One of the great strengths of the volume is its juxtaposition of the
normalization of drug use against historical moments of prohibition. For
instance, with films like Chappaqua (1966) and Easy Rider (1969), Boyd
maps important shifts in drug discourse, emphasizing the normalization
of recreational drug use apparent in the countercultural movements of
the 1960s, followed by a wave of backlash films that include The French
Connection (1970) and Panic in Needle Park (1971). She also introduces
the regulation of addiction through treatment models which emphasize
self-discipline and self-control as a mechanism of governance and
state building. Employing drug users and dealers as key foils to proper
citizenship, she argues that drug films historically have reaffirmed the
white heterosexual nuclear family as the building block of national identity.
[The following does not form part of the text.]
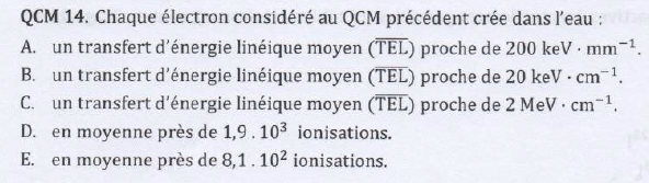 NomdeZeus Posted January 8, 2018 Posted January 8, 2018 Bonjour ! Je sais qu'il a déjà était corrigé dans d'autres sujets du forum mais les corrections ne répondent pas à mon soucis... J'ai quelques petits problèmes pour comprendre les réponses A et C du QCM 14 qui sont vraies.. Par exemple pour la A je trouve 2000keV/mm alors que cela devrait être 200keV/mm et après je ne suis de comprendre comment on fait le passage de keV/mm en MeV/cm Je vous mets en photo ma démarche et l'image du sujet. En espérant que quelqu'un puisse m'expliquer ceci, merci d'avance ! https://image.noelshack.com/fichiers/2018/02/1/1515420308-img-e3298.jpg Quote

Within this framework, Boyd points to several key conventions in
the representation of race, class and gender. For example, she demonstrates
how depictions of women’s drug use are consistently sexualized
and often bound up with notions of maternal unfitness. The relationship
of both gender and whiteness to images of drug use is epitomized in a
scene from Traffic where a white middle class girl’s addiction and sexual
corruption is depicted via a young black male drug dealer. Alongside
this limited ideological framework, Boyd emphasizes how controlled
use is rarely depicted and treatment, when invoked, is part of a mandatory
criminal justice/punishment matrix. She also contends that the addiction
as disease model, which is predominant in cinema, is limited by
its disregard for a confluence of social, political, cultural, and economic
factors which shape drug use.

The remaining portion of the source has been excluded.